Pieyre de Mandiargues et sa femme Bona

Pieyre de Mandiargues et sa femme Bona

   D’abord inhumé dans la trente-cinquième division, André Pieyre de Mandiargues repose aujourd’hui dans la quatorzième, aux côtés de son épouse, Bona Tibertelli de Pisis (1926-2000). Nièce de l’artiste ferrarais Filippo de Pisis, cette dernière apprend la peinture dans un institut de Modène, puis vient à Paris, où elle fréquente les surréalistes, avant d’épouser l’homme de lettres en 1950. Très amoureux, ce dernier consacre un essai au travail de sa femme, Bona, l’amour et la peinture (éditions Skira, Genève, 1971). Exposée à la fondation Berggruen, en Allemagne, puis à Milan, dans son pays d’origine, Bona découvre la technique du collage lors d’un voyage au Mexique en 1958, et en fait son mode d’expression plastique préféré. Également auteure, Bona a écrit un récit (La cafarde, Mercure de France, 1967), une autobiographie (Bonaventure, Stock, 1977), et des Poèmes (Fata Morgana, 1988). Elle figure également dans le très beau livre de Georgiana Colvile, Scandaleusement d’elles. Trente-quatre femmes surréalistes (Jean-Michel Place, Paris, 1999).

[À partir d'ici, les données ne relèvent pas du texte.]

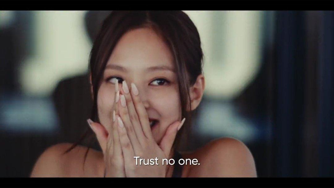| Phân đoạn Jennie đứng trong thang máy với nụ cười nhếch mép khiến fan tin rằng Jennie sẽ vào vai phản diện hoặc một cô gái tinh quái trong The Idol. |
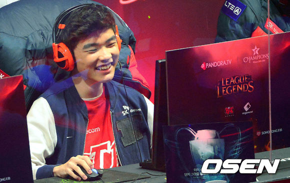 SKT K 중단 '페이커' 이상혁이 1경기 승기를 잡자 미소를 짓고 있다.
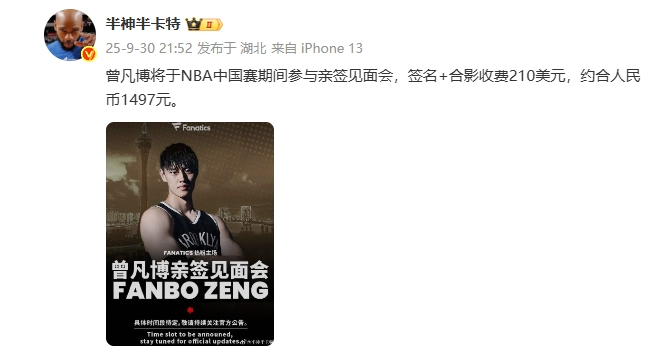 北京时间10月1日,据媒体人半神半卡特报道,中国篮球新星曾凡博将在NBA中国赛期间举办个人亲签见面会。此次活动中,粉丝若想与曾凡博进行签名合影,需支付210美元(折合人民币约1497元)。这一消息引发了广泛关注与讨论。
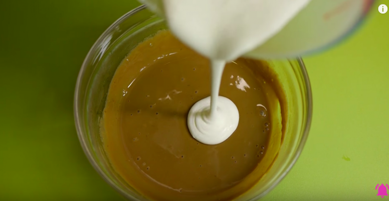 ▼將打發好的淡奶油放入混合物中,攪拌均勻;
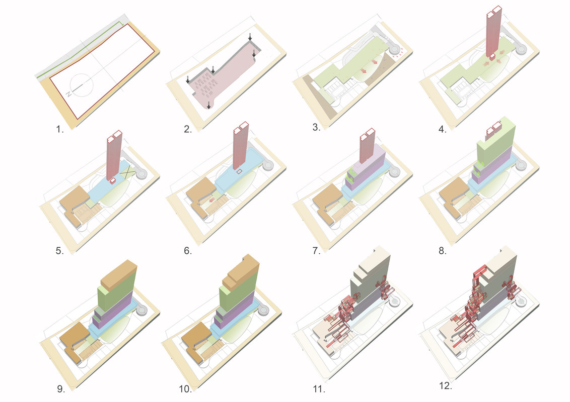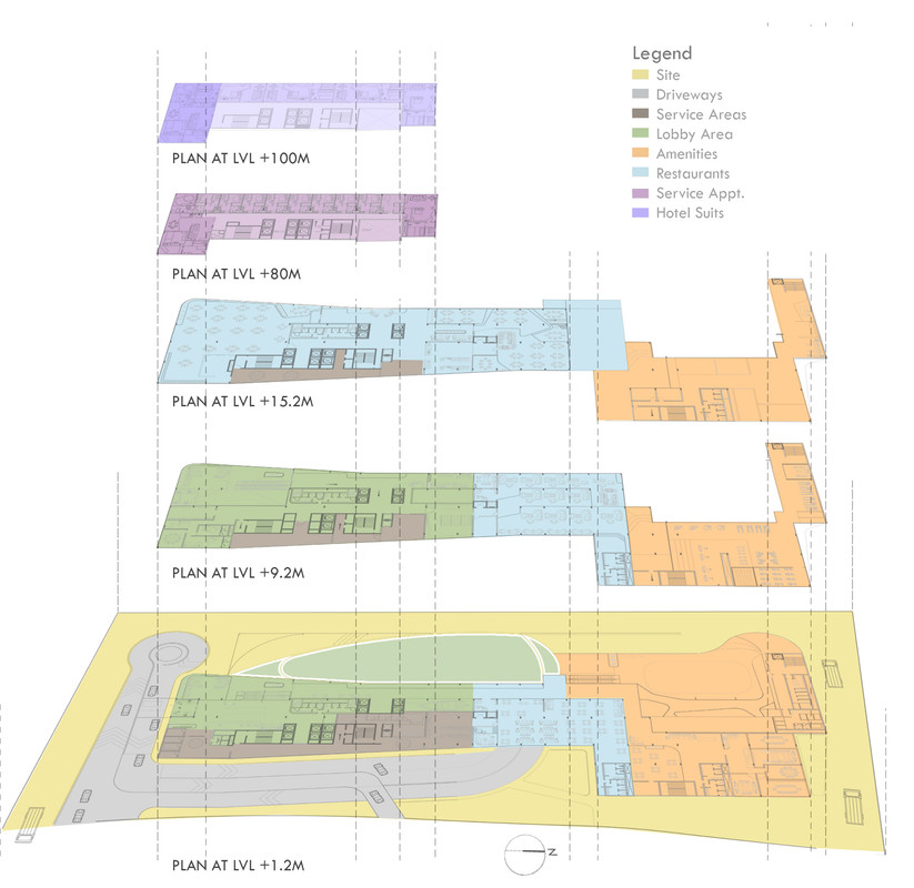 7. Service apartments stacked above the restaurants form the lower level of the tower structure, followed by the suites.
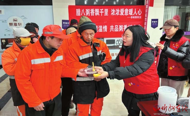 俗話(huà)說(shuō)“過(guò)了臘八就是年”,年味就是從一碗熱氣騰騰的臘八粥開(kāi)始的。寒冬臘月,忻府區(qū)杏林西街社區(qū)攜手愛(ài)心企業(yè)寒冬送溫情,為奮戰(zhàn)在一線(xiàn)的環(huán)衛(wèi)工人熬制了熱氣騰騰的紅豆粥。
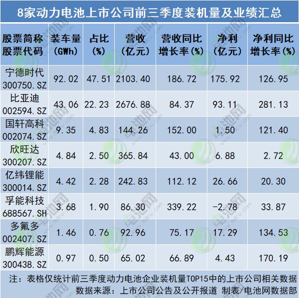 1-9月,我國動(dong)力電池累(lei)計裝車量(liang)193.7GWh,累計同比(bǐ)增長110.5%。其中(zhōng),國🔱内動🔴力(li)電池企業(yè)裝車量前(qian)十五名中(zhong)上市公司(sī)9家:甯德時(shi)代92.02GWh,占比47.51%;比(bi)亞迪43.06GWh,占比(bi)22.23%;中創新航(háng)13.33GWh,占比6.88%;國軒(xuan)高科9.35GWh,占比(bi)4.83%;欣旺🐅達4.84GWh,占(zhàn)比2.50%;億緯锂(lǐ)🌈能4.42GWh,占比2.28%;孚(fú)能科技3.68GWh,占(zhàn)比1.90%;多氟多(duō)🚶1.46GWh,占比0.76%;鵬輝(hui)能源0.97GWh,占比(bi)0.50%。
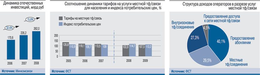 Еще более по сравнению с 2007 г. замедлился прирост телефонной плотности фиксированной связи – плюс 0,5 пункта, до 32,5 ТА на 100 человек, против 0,8 и 1,2 пункта соответственно в 2007 и 2006 гг. Работой компаний традиционной фиксированной связи «наверху» явно недовольны, отмечены проявившиеся в кризис «системные дефекты».

MANDIARGUES_Pierre_1909-1991_Ecrivain

Photo trouvée sur le site de l’APPL (Association des Amis du Père Lachaise)

PS: Selon certaines sources, la tombe d’André Pieyre de Mandiargues se trouverait en réalité dans la treizième division du Père-Lachaise. Je vérifierai et apporterai une correction si nécessaire très prochainement.